Woman Claims After She Rebuffed Roger Ailes, She Was ‘Blacklisted’
"I had my career taken away from me," she said in an interview with Fortune. · Fortune

Since Gretchen Carlson, former Fox News host, filed an explosive sexual-harassment lawsuit against company founder, chairman, and CEO Roger Ailes, other women have come forward. New York magazine’s Gabriel Sherman detailed six women’s alleged encounters that they claim took place from the 1960s to 1989. Two allowed their full names to be used.

Kellie Boyle is one of these women. The co-founder of a Virginia-based communications firm that she runs with her husband, Boyle said she met Ailes in 1989 as a young, up-and-coming Republican political communications consultant. A legendary media consultant, Ailes had done work for republican presidents Richard Nixon, Ronald Reagan and George H.W. Bush. She was in awe of him. “He was powerful and brilliant,” said Boyle. “I had read his book, You Are the Message, and I quoted it often when I was training candidates.”
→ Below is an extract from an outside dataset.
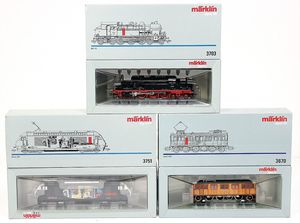 H0, Konv. 4 Teile, 3102 Baureihe 53, neu im Kart., 3085 Baureihe 003, Deckel am Kart. weggerissen, sonst neu im Kart., 3324 1139, neu im Kart., 3151 10460, Kart. seitl. eingerissen, sonst neu im Kart.

But in an interview with Fortune, she said that the few hours she spent with Roger Ailes--which included a sexual proposition, rebuffed, followed by loss of a big contract--was deeply scarring, and left her adrift emotionally and professionally. “I was really lost for a few years,” Boyle said. “I had my career taken away from me.”

Roger Ailes and his representatives have denied all sexual harassment allegations, and some prominent female Fox journalists, including Greta Van Susteren and Maria Bartiromo, have spoken out in defense of their boss. Ailes’ attorney, Barry Asen, released a statement (with links), saying, “It has become obvious that Ms. Carlson and her lawyer are desperately attempting to litigate this in the press because they have no legal case to argue. The latest allegations, all 30 to 50 years old, are false.”
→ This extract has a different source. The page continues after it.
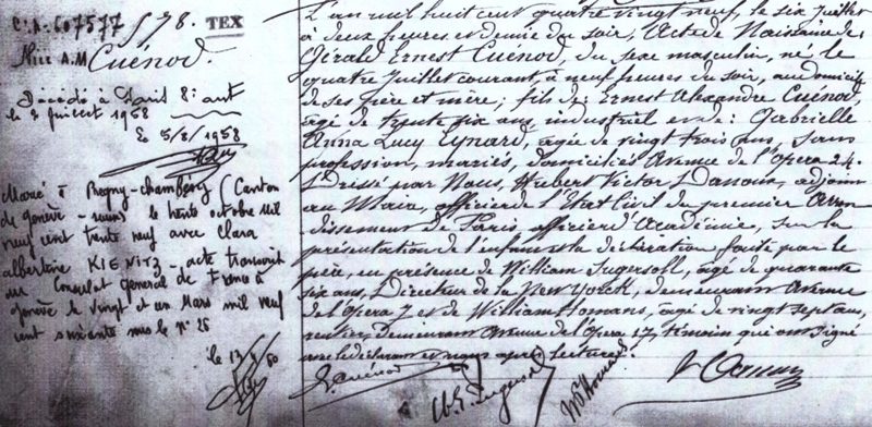 1889 Acte de naissance (Paris 1er, France)

Below is an edited transcript of Fortune’s interview with Kellie Boyle.

How she met Roger Ailes

In 1989, I was starting my political communications business. And by chance, Roger Ailes happened to be interviewed by CNBC, where my husband worked, and he said do you want to meet him? I was a big fan. He was somebody I admired. It was an opportunity to meet him. That was brief. Roger Ailes invited me to his downtown office in NY to see his operation, meet some people, because he could tell I was a fan. That meeting lasted 30 minutes. He showed me around. He told me, “We get pieces of business too small for us to handle. Maybe we could hand it off to you.”

I told him I was going to DC for this career-making contract with the National Republican Congressional Committee that I had been working on for a long time. I was going to sign the contract and get my assignments. He said he was going to be in DC. Did I want to have dinner? The dinner was purely professional. I asked him about his work and heard his war stories.